Piranha held his breath for almost a full minute after they were gone, his heart a jackhammer as he tried to remember how to breathe. His gun was i
n his pants, which meant he had the map in one hand and Hippy’s leash in the other. Bringing a map and a dog to a gunfight sounded like the punch line to a bad joke. He knelt down to untie Hippy’s rope, kicking it into a corner behind a potted plant. Hippy wagged his tail, happy to be free. Remembering Terry’s technique, Piranha rubbed the dog’s chin and tried to stare him in the eye.
“If you run off, you’re on your own.”
Hippy licked his face. Blech. Still, Piranha smiled. “Stay,” he said firmly.
Hipshot understood that perfectly. His tail stopped wagging, and he whimpered.
“You heard me,” Piranha said. “Until I come back or call you—stay.”
Hipshot’s haunches nearly rose, but he fought his protective instincts and sat. The damn dog would obey! He could stash Hipshot in a hidden corner, out of sight, and call if he needed him, like one of the cool pet tricks he’d watched on Letterman. If he survived this night, he and Hipshot might become buddies after all.

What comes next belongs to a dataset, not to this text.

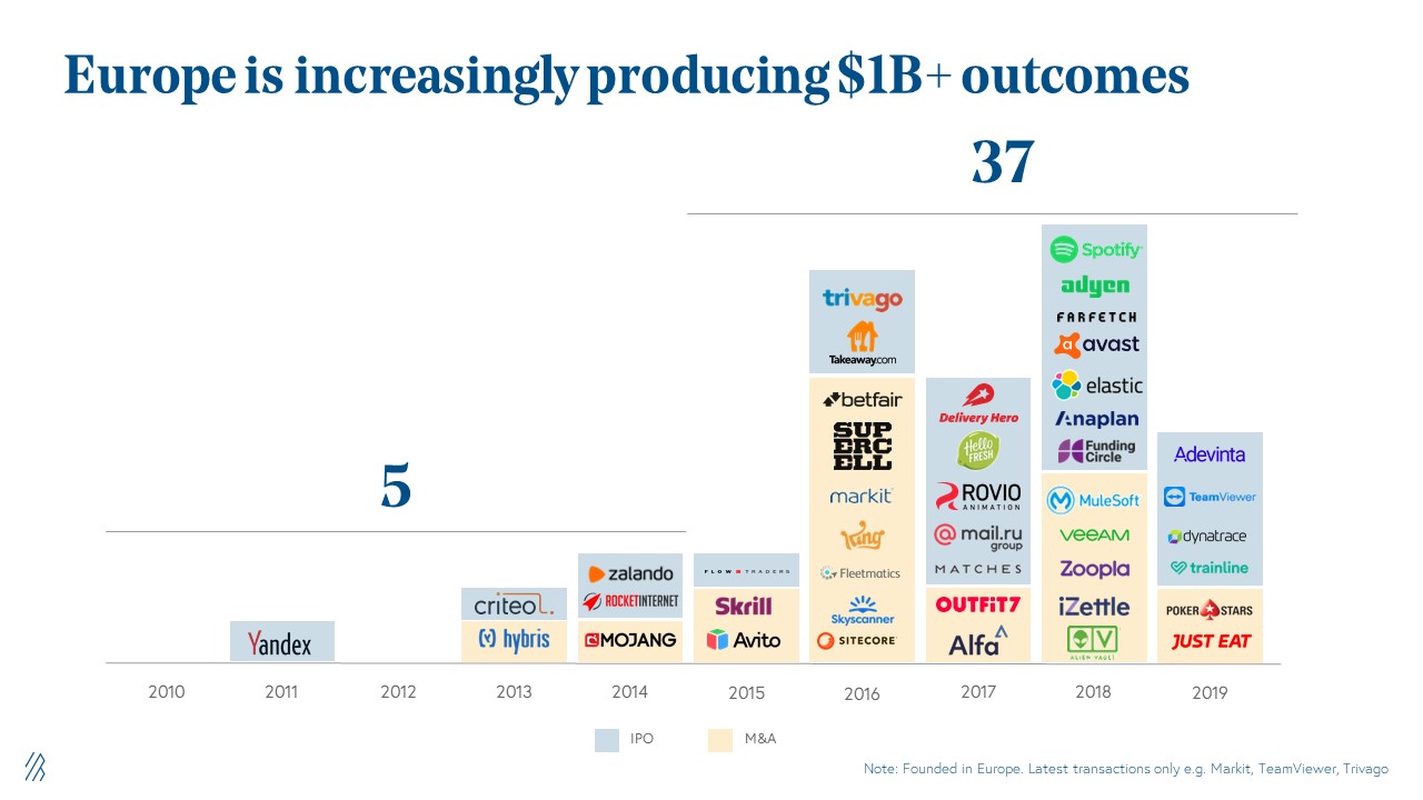 - The exit environment has been consistently producing billion-dollar exits. From 2010 to 2014, the region only saw a total of five IPO and M&As, all valued at a billion dollars or more. Since 2015, that number has increased more than 7x with 37 total exits from companies such as Trivago, MuleSoft, Spotify, Adyen, Elastic, Anaplan, TeamViewer, and more.

“Good boy,” Piranha said, and left to the sound of Hippy’s thumping tail. Feeling worlds better armed with both the gun and the map, Piranha continued his painstaking journey down what he hoped was the right hallway. He walked fast, almost a jog, and the ceiling opened up. A large glass-domed atrium filled with trees and tall plants appeared right where it was supposed to be, and if he got to the southeast end …
The next footsteps, from behind him, were so swift and soft that Piranha barely heard them, and he knew he’d been spotted.
The footsteps froze. Maybe this would be like a gunfight in Tombstone, and the Gold Shirt would give him time to draw. Slowly, Piranha turned. If he had to, he decided, he would toss his gun down to the floor.
But no such order came. Sonia stood six feet behind him, wide-eyed and petrified. Then she saw him in a shaft of moonlight, and heartbreaking relief washed over her face. Her clothes were mussed, but she looked unharmed.
“Piranha?” she said, hesitating, afraid to believe her eyes.
“Sonia! You okay?”
He ran to her, and they embraced. Sonia was trembling head to toe. She wrapped her arms around his neck and held on as if they were being swept out to sea. “You scared the—I thought—” She fumbled for sentence. “That shirt?”